La députée Yael German (Yesh Atid), s’est joint aux appels de boycott, et a taxe les démarches de Barkan de « choquantes et honteuses ». Elle a appelé « quiconque se préoccupe du racisme à boycotter ce vin jusqu’à ce qu’ils présentent des excuses ».
« N’achetez plus de vin de Barkan tant que son directeur général n’aura pas été licencié pour ses remarques racistes », a pour sa part proclamé Lior Chorev, un consultant israélien sur son compte Twitter.
La société Barkan n’a pas fait de commentaire dans l’immédiat.
Intégration en Israël
Dans les années 1980 et 1990, Israël a clandestinement héliporté des milliers de Juifs éthiopiens depuis l’Ethiopie et a consacré des centaines de millions d’euros pour rapatrier la communauté vers l’Etat hébreu et aider ses membres à s’intégrer.

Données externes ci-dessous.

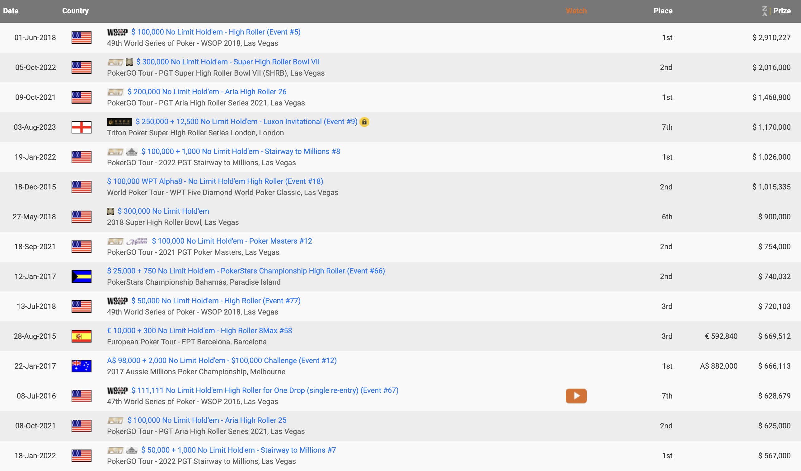 Nik Petrangelo Hendonmob: лучшие результаты

Près de 14 000 Juifs éthiopiens vivent aujourd’hui en Israël. Ils représentent une minorité, dans un pays qui compte quelque 9 millions d’habitants. Mais leur intégration n’a pas été facile. Nombre d’entre eux sont arrivés sans aucune instruction moderne et ont sombré dans le chômage et la pauvreté.

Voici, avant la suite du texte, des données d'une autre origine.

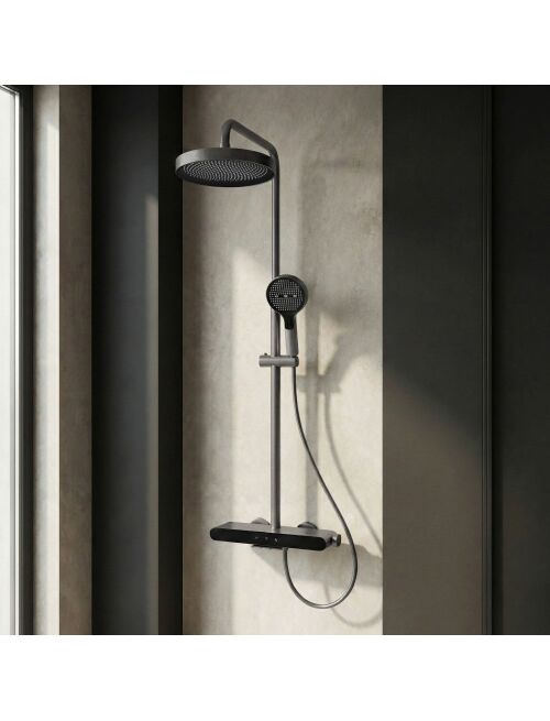 | Nadaj swojej łazience wyjątkowego, industrialnego charakteru dzięki zestawowi prysznicowemu natynkowemu Rea Farel Titan. Ten model w wykończeniu szczotkowanego tytanu to propozycja dla osób szukających alternatywy dla czerni i chromu. Zestaw łączy surowy, metaliczny design z innowacyjną funkcjonalnością sterowania i utrzymania czystości.Kolor Tytanowy – elegancki, grafitowy odcień o subtelnie szczotkowanej strukturze. Satynowe wykończenie nie tylko prezentuje się nowocześnie, ale jest też praktyczne – na szczotkowanej powierzchni znacznie mniej widać krople wody i odciski palców.Powłoka PVD – tytanowy kolor został naniesiony w technologii PVD (Physical Vapor Deposition). To najtrwalsza metoda barwienia armatury, gwarantująca wyjątkową odporność na zarysowania, matowienie i korozję.Intuicyjny panel Piano – bateria sterowana jest za pomocą trzech mechanicznych przycisków (klawiszy). To wygodne rozwiązanie pozwala błyskawicznie przełączać strumień wody między deszczownicą, słuchawką, a wylewką.Słuchawka z funkcją Bidetty – słuchawka kryje w sobie dodatkową funkcjonalność. Posiada przycisk z tyłu oraz dyszę na szczycie obudowy. Po aktywacji zmienia się w bidetkę, co ułatwia sprzątanie kabiny, mycie brodzika czy napełnianie misek.Dyskretna wylewka kaskadowa – korpus baterii wyposażony jest w strumień kaskadowy. Umożliwia on szybkie napełnienie miski, wiadra lub sprawdzenie temperatury wody bezpośrednio przy baterii.Wytrzymałe materiały – sercem zestawu jest solidny korpus z mosiądzu. Deszczownica i słuchawka wykonane z lekkiego tworzywa ABS posiadają system zapobiegający osadzaniu się kamienia. Komfort dla każdego – zestaw wyposażony jest w drążek z regulacją wysokości, co pozwala na idealne dopasowanie położenia deszczownicy do wzrostu domowników oraz wysokości sufitu.Zestaw Rea Farel Titanium to połączenie technologicznej precyzji z unikalnym designem. Zestaw został wyposażony w zawór zwrotny, który zapobiega cofaniu się wody i wspiera bezpieczne, prawidłowe działanie instalacji. Szczotkowana, tytanowa powłoka PVD stanowi nowoczesny akcent we wnętrzu, a zaawansowana funkcjonalność sprawia, że codzienne użytkowanie staje się czystą przyjemnością. |

Bien que les immigrants juifs d’Ethiopie de la communauté Beta Israël soient reconnus comme Juifs et n’ont pas à passer par un protocole de conversion, les immigrants d’Ethiopie affiliés à la communauté de Falash Mura, qui se sont convertis au judaïsme au 19e siècle, doivent repasser par la conversion après leur immigration.
Bien que nombre d’entre eux soient pratiquants, le rabbinat israélien ne les considère par comme Juifs, ce qui signifie qu’ils ne sont pas systématiquement éligibles à la Loi du retour et ne peuvent se marier dans de certaines villes, où les autorités religieuses locales doutent de leur judéité.
Si certains immigrants ont percé dans certains milieux et sont arrivés jusqu’à la Knesset, ils sont nombreux à déplorer un racisme systématique, une discrimination de la part des autorités religieuses, une pauvreté endémique et des violences policières.
Ces frustrations ont pris la forme de violentes manifestations il y a trois ans, après la diffusion d’une vidéo dans laquelle un soldat israélien d’origine éthiopienne, en uniforme, se faisait battre par un policier. Des milliers de Juifs éthiopiens et des sympathisants ont bloqué des routes et ont affronté la police, afin d’attirer l’attention sur leur souffrance et les violences policières dont ils disent faire l’objet.